Conceptually, I understand why it should work. And see how, in many ways, it might yield cleaner inputs. But it also just feels like one of those things that is unnatural. Which I realize is silly to say in relation to AI. Still, here we are.
From a report today by Michael Peel in The Financial Times:
Research published in Nature on Wednesday suggests the use of such data could lead to the rapid degradation of AI models. One trial using synthetic input text about medieval architecture descended into a discussion of jackrabbits after fewer than 10 generations of output.
Yes, we've moved on from discussions of llamas to jackrabbits today. Yes, this is hilarious. But also mildly concerning because again, this is the high-level method a lot of our current models are going to need to train on to keep growing, if they're not already.
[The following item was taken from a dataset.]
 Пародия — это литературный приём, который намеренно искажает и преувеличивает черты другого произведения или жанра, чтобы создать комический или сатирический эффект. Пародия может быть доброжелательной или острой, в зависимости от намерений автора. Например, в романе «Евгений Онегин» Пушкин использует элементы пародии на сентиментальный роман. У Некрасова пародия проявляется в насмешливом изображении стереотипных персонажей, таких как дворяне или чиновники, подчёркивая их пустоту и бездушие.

And yes, this study was done for research purposes not using the actual data inputs the model makers are using, but it points to something that seems pretty fundamental with enough synthetic data going in...
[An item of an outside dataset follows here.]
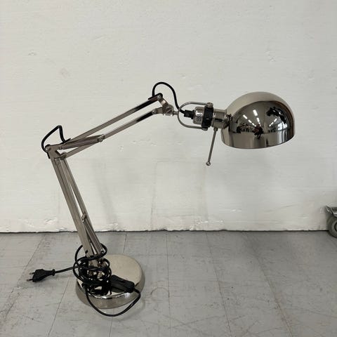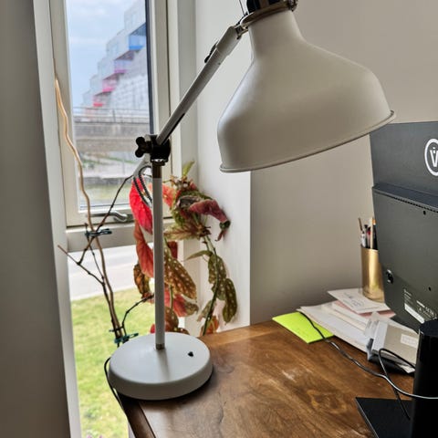 Lampen har rund fod med afbryderknap. Den har ledning og stik samt fatning til standard pære (se mærkat i skærmen for maksimal watt). Velegnet som skrivebordslampe eller læselampe på bord eller kommode.

“Synthetic data is amazing if we manage to make it work,” said Ilia Shumailov, lead author of the research. “But what we are saying is that our current synthetic data is probably erroneous in some ways. The most surprising thing is how quickly this stuff happens.”
The paper explores the tendency of AI models to collapse over time because of the inevitable accumulation and amplification of mistakes from successive generations of training.
The speed of the deterioration is related to the severity of shortcomings in the design of the model, the learning process and the quality of data used.
The early stages of collapse typically involve a “loss of variance”, which means majority subpopulations in the data become progressively over-represented at the expense of minority groups. In late-stage collapse, all parts of the data may descend into gibberish.
I'm reminded of The Architect speech in The Matrix: Reloaded where he talks about the creation of the "perfect" system only for it to collapse as the system rejected the unnatural perfection. But it's not just gibberish we need to worry about, it's arguably madness.
The researchers found the problems were often exacerbated by the use of synthetic data trained on information produced by previous generations. Almost all of the recursively trained language models they examined began to produce repeating phrases.
In the jackrabbit case, the first input text examined English church tower building during the 14th and 15th centuries. In generation one of training, the output offered information about basilicas in Rome and Buenos Aires. Generation five digressed into linguistic translation, while generation nine listed lagomorphs with varying tail colours.
Here, I'm reminded of Leonardo DiCaprio playing Howard Hughes in The Aviator, just standing there repeating "the way of the future" over and over and over again.
Another example is how an AI model trained on its own output mangles a data set of dog breed images, according to a companion piece in Nature by Emily Wenger of Duke University in the US.
Initially, common types such as golden retrievers would dominate while less common breeds such as Dalmatians disappeared. Finally, the images of golden retrievers themselves would become an anatomic mess, with body parts in the wrong place.
Now I'm reminded of some sort of badly failed cloning process we see so often portrayed as something slightly off devolving into well, a mess – Alien: Resurrection? The Rise of Skywalker? Alright, I'm stretching this gimmick too far. But here may be why this all actually matters:
“One key implication of model collapse is that there is a first-mover advantage in building generative AI models,” said Wenger. “The companies that sourced training data from the pre-AI internet might have models that better represent the real world.”
In other words, there's a risk that the players who are already established as the model makers are the only ones we're ever going to get. Because their models have subsequently flooded the internet with junk data breeding like jackrabbits.
Again, I understand there's quite a bit of caution being used with this "synthetic data" for obvious reasons. At the same time, my mind wanders to the paleontologists seeing the lab at Jurassic Park for the first time and are told by Dr. Henry Wu that there's no need to fear the dinosaurs reproducing in the wild because all of the dinosaurs have been created as female. To quote Dr. Ian Malcolm perhaps in actual context for the first time on the internet, "Life, uh, finds a way."